For Stata/SPSS people: This is the equivalent to .do and .sps files.
An R Script contains all commands including those for reading the raw data, data manipulation, estimation, post-estimation analyses, and the creation of graphs and tables. We can ask R to run all or some of the commands listed in the R script at once.
This is key because what we are interested in for every project is reproducibility. When relying on R Scripts we can backtrack all the changes we made to our data and the assumptions we were relying on in our analysis with a simple mouse click.
To open the editor for creating a new R script click on the symbol in the top left corner and choose open a new R script. Be sure to save it in the same folder where also your RProject is saved.
As discovered above, the # Symbol is extremely useful because it allows you to comment on stuff without the comment itself being evaluated by R.
From the R script we can "send" lines of code to R to be evaluated. To run the line in which the cursor is, press **Ctrl+Enter**. To run several lines of code, mark them with the mouse and do the same.

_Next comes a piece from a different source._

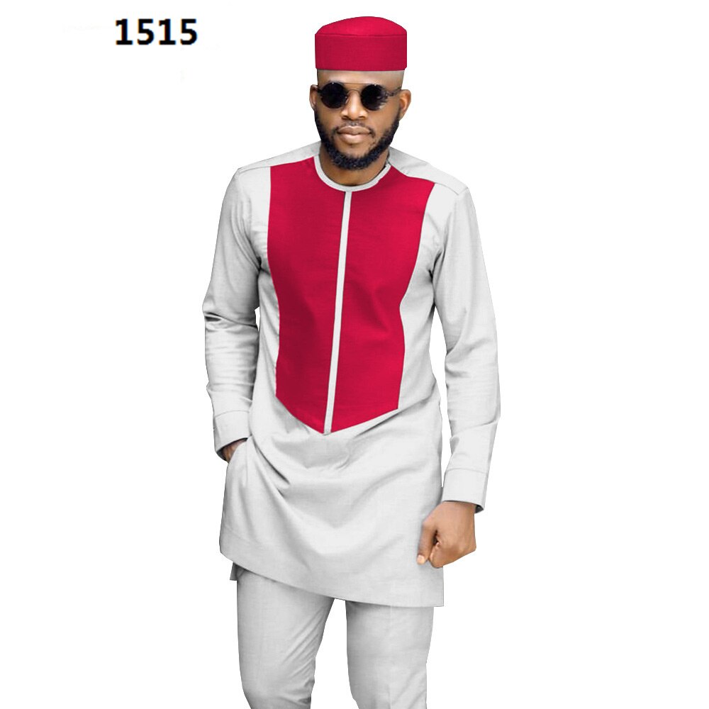 New African Men Traditional Clothing Set Dashiki Coat Shirt And Ankara Pants And Tribal Hat Attire Tracksuit

Try it out with running the following code:
```{r}
1+1
5+(4-1)^2
```
Of course, R can read and evaluate plain text. We'll get into that on the next page. For an intuitive start, consider this:
```{r}
sqrt(4)
log(10)
```
***
# Packages
One more thing...
R itself can operate only very basic tasks. Even within todays tutorial you will soon discover that you need extensions to run your stuff. These extensions are called packages: "Packages are the fundamental units of reproducible R code. They include reusable R functions, the documentation that describes how to use them, and sample data." ([R packages](http://r-pkgs.had.co.nz/)) They are developed by the large R users community and for free, too. If they meet certain quality criteria, they are published on the official "Comprehensive R Archive Network" (CRAN).
Referring to our kitchen analogy: "Packages are like tools - when you need to use a saucepan you go out and buy one that someone has already designed and made" instead of building the saucepan yourself.
You only have to install packages once on your computer - all you need is a simple line of code. After having installed it once, you have to "access" it every time you begin a new project/task.
```{r eval=FALSE}
install.packages("package name")
# But installing a project implies just that you have saved it on your computer.
# To make it useable for your session you still have to open it every time (e.g. you need the following line in your script:)
library(packagename)
```
We will learn the functions and workings of packages over the next pages.
# Style
Arguably not the most important thing right now as we are just getting started. Nevertheless, it is important to have consistent and clean code. So you may want to circle back to this section once you get started writing your own code independently.
All code you'll encounter in this tutorial is written in tidy style (see link below).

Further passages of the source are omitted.